Seven years after Oslo, many have finally recognized that the main obstacles to
peace are not Israeli policies, or differences over borders and Jerusalem but
rather, the unchanging rejection of the concept of compromise on the
Palestinian side.

Meanwhile, Dennis Ross, Madeleine Albright and the rest of Clinton team
continue to jump back and forth across the parallel dimensions between Barak
and Arafat. Perhaps the Americans cling to the hope that despite the deep
hatreds and animosity, the web of agreements will channel the conflict to less
violent forms.

At the same time, the more cynical explanation cannot be ignored. After
eight years in office, and an incredible amount of time devoted to Middle East
peace efforts, another spectacular signing ceremony, and perhaps even a Nobel
Prize, are still very tempting. Having failed in the Syrian-Israeli talks, for the
same reasons, they cling to the only remaining option.

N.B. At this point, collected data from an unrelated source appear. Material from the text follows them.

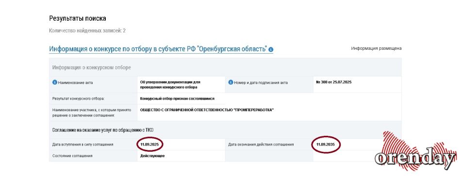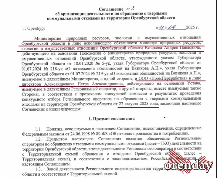 11 сентября 2025 года министерство природных ресурсов, экологии и имущественных отношений Оренбургской области заключило соглашение с ООО «ПромПереработка» об оказании услуг по обращению с ТКО. Конкурсный отбор прошёл, как Orenday уже рассказывал, «тихой сапой» на фоне практически ежедневных жалоб в соцсетях первому лицу региона на состояние площадок ТКО.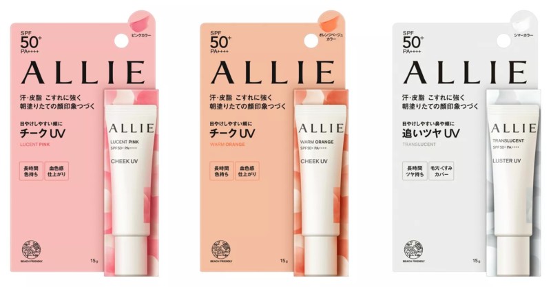 日焼けしやすい部分のUV対策と、キレイで自然な仕上がりを両立する『アリィー クロノビューティ カラーチューニングUV』。高UVカット性能と、ポイントメイクとしてのチークやハイライトを兼ね備えた、新たな日焼け止めです。また、チークやハイライトとして使える新感覚の日焼け止め『アリィー クロノビューティ カラーオンUV』が全3色でデビュー。ポーチにインしやすいコンパクトさで、お直しにも活躍します。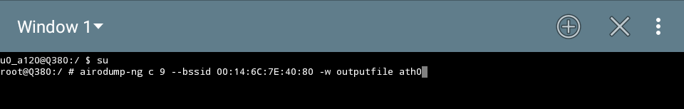 - airodump-ng -c 9 --bssid 00:14:6C:7E:40:80 -w outputfile ath0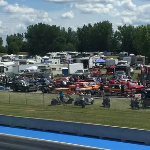 The race track is higher the. Where you park and tailgate. It would be better if they built it up a bit around the track. The reason they get 3 stars is that they always start late. For instance this weekend it was supposed to start at 4pm and it's five now and they still haven't started. The announcer has said it's last call multiple times already. Other then that the price is good and the cars are cool.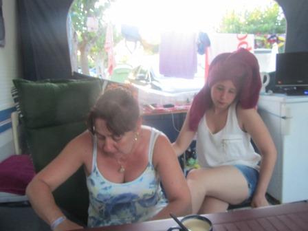 Daarna leest Corina nog verder in haar boek, speelt Claudia op haar DS, en maak ik het verslag voor vandaag af.
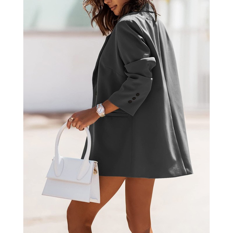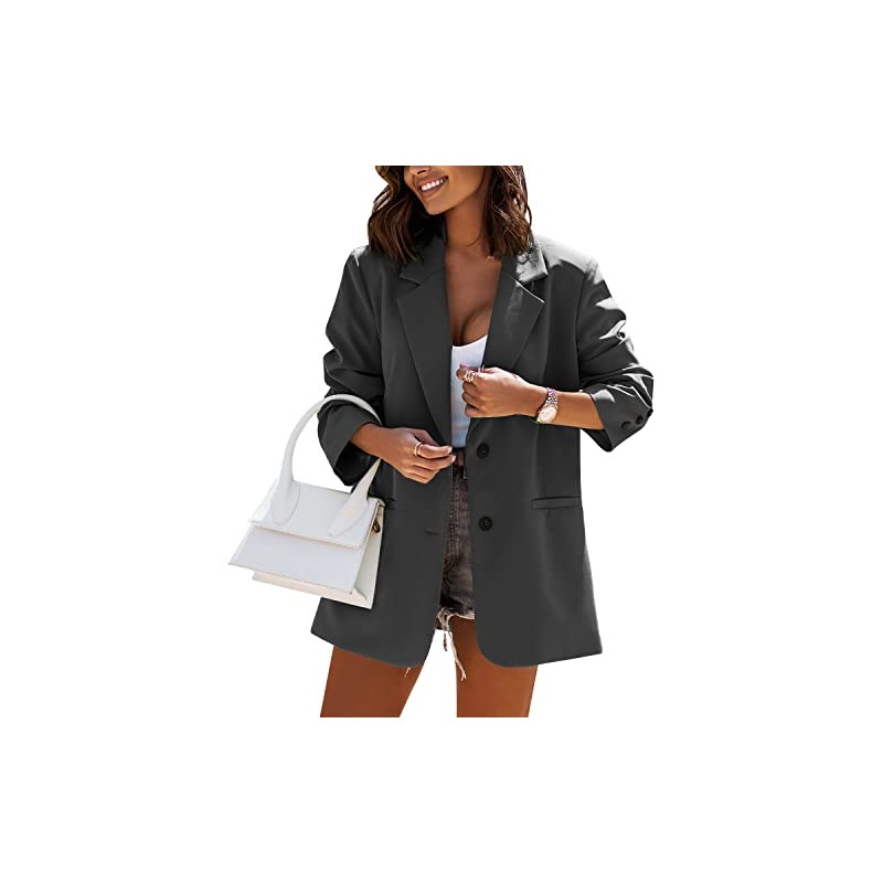FSHAOES Women Casual Oversized Blazers Lapel Button Down Solid Work Office Blazer Jacket Dark Gray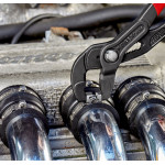 pentru deschiderea şi închiderea colierelor cu clic. Mânere rotative pentru acţionarea sigură a colierelor în orice poziţie. Raport de transmitere bun: colierele se deschid simplu şi uşor, fără prea mare efort şi se închid la loc. Pentru lucrări confortabile, de exemplu, la conductele cu carburant, conductele de vid şi ştuţurile de absorbţie. Funcţie suplimentară: desprindere uşoară a furtunurilor cu ajutorul fălcii dinţate. Cap suplu; lăţime redusă a capului, mânere rotative: o sculă ideală în special în spaţii strâmte.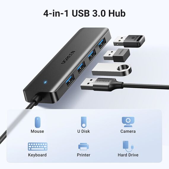 USB ჰაბი UGREEN CM219 (25851), USB 3.0 Hub, Black
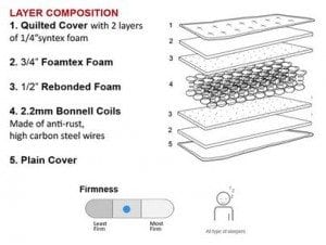 - 2.2 MM Bonnell coils made of anti-rust, high carbon steel wires.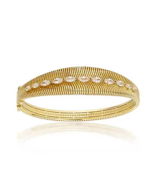 İkra Kuyumculuk koleksiyonuna ait bu Altın Bilezik, kusursuz işçiliği ve modern hatları 14 ayar altın kalitesiyle birleştirerek sunar. 19.18 gram ağırlığındaki tok ve gösterişli yapısı, bileğinizde asil ve prestijli bir duruş sergiler.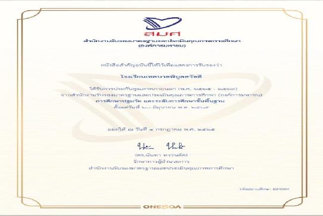 โรงเรียนได้รับรองมาตรฐานและประเมินคุณภาพการศึกษา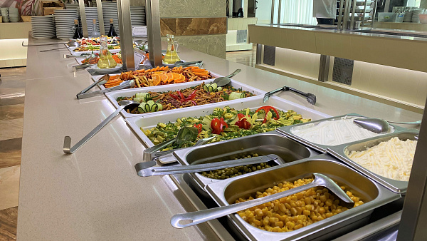 В санатории «Бирюза» питание организовано по системе «шведский стол». Трижды в день гостям подают разнообразные блюда, приготовленные из свежих и качественных продуктов. Меню сбалансировано и включает всё необходимое для полноценного рациона — горячие и холодные закуски, мясные и рыбные блюда, свежие овощи и фрукты, выпечку и десерты.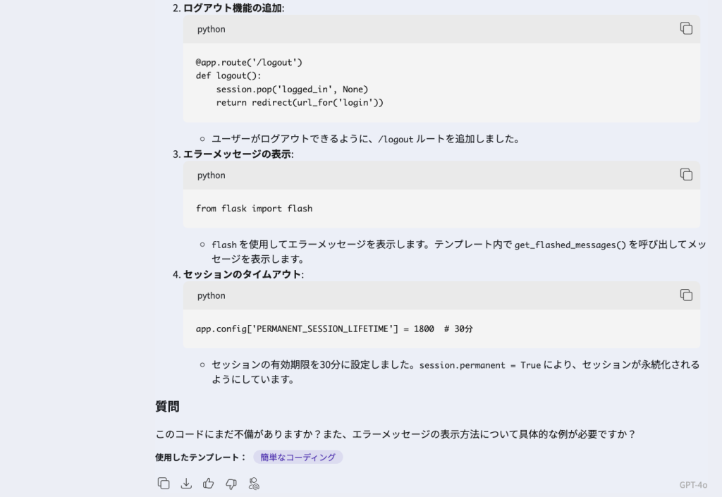 「簡単なコーディング」を行うテンプレートでは、コーディングに関する具体的な要求を入力することで、指定されたプログラミング言語で適切なコードを生成してくれます。
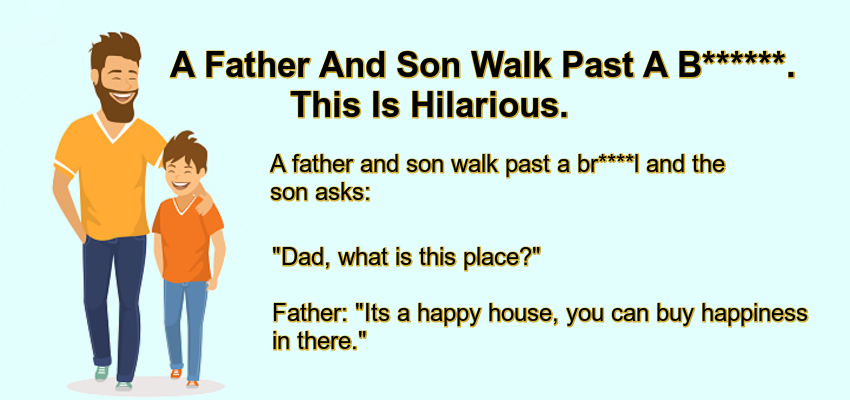 A father and son walk past a br****l and the son asks: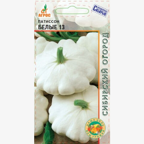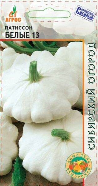 Среднеспелый сорт. На кустовом, ветвящемся растении формируются крупные (массой 400-500 г), белые плоды дисковидной формы, с округло-зубчатыми краями. Мякоть плотная, белая, отличного вкуса. ПАТИССОН БЕЛЫЕ 13 хорош для консервирования и использования в домашней кулинарии. Особенности выращивания: полив теплой водой редкий, но обильный. Рыхление и прополка в течение вегетации. - - V-VI - 70x70 VII-VIII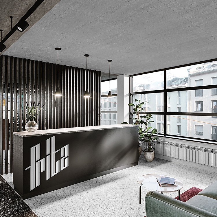 Zur Revitalisierung des Bürokomplexes "Fritz" im Süden des Münchner Hauptbahnhofs wurde das Bestandsgebäude bis auf den Rohbau rückgebaut. Dieser stand auch im Zentrum des Marketingauftritts der Sales-Lounge: Statt wie bei einem klassischen Showroom eine Musterwohnung zu zeigen, entschied sich das Projektteam, die Wirkung des Rohbaus in Verbindung mit Architekturskizzen und einem eigens gedrehten Kurzschauspiel in Szene zu setzen.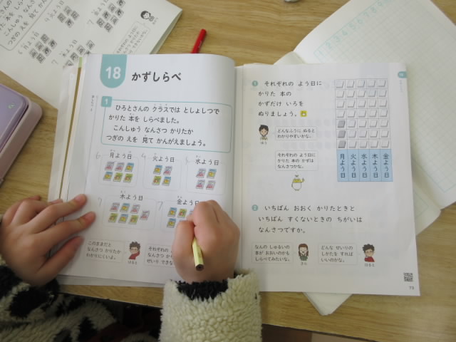 1年生の算数は「かずしらべ」です。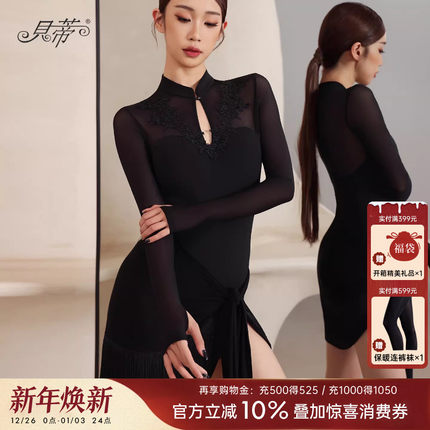 贝蒂拉丁舞新中式连体上衣2025新款练功服女长袖刺绣贴花舞衣BD73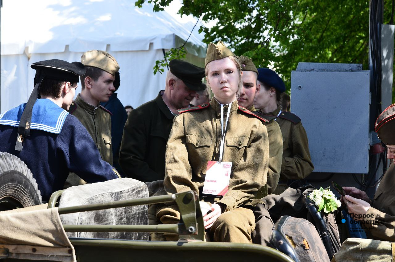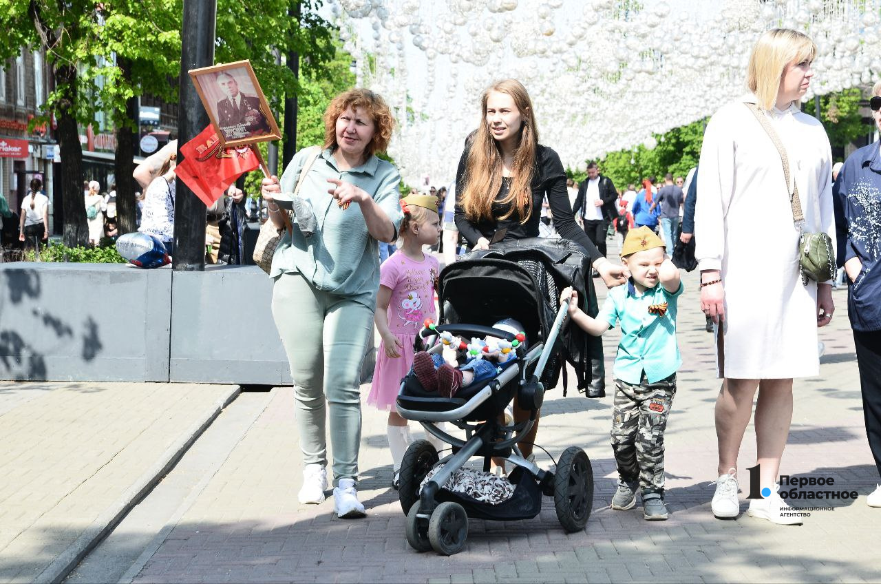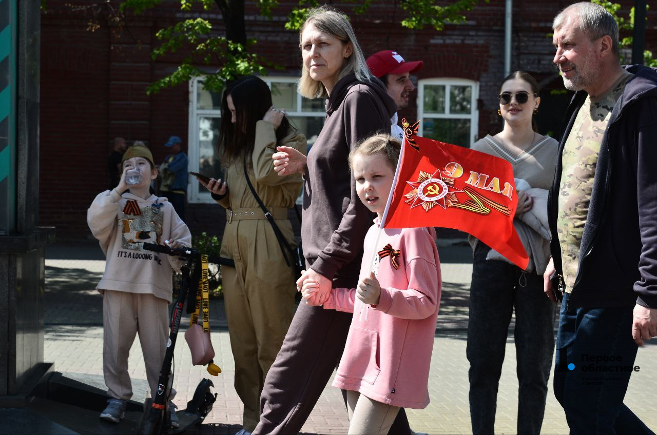 Челябинцы приходят на Кировку семьями. У многих на одежде — георгиевские ленты. Кто-то держит портрет своего ветерана.

However, the reality is that with Israel and the Palestinians on two entirely
different tracks, more Israeli concessions and compromises are pointless and
even counterproductive.

No last-minute summit in Washington, no Israeli concessions on borders
and on Jerusalem, and no “compensatory package” of military assistance and
money, will alter these fundamental facts.

As any elementary student of geometry knows, parallel lines do not
intersect, and the same rule holds true for parallel political universes.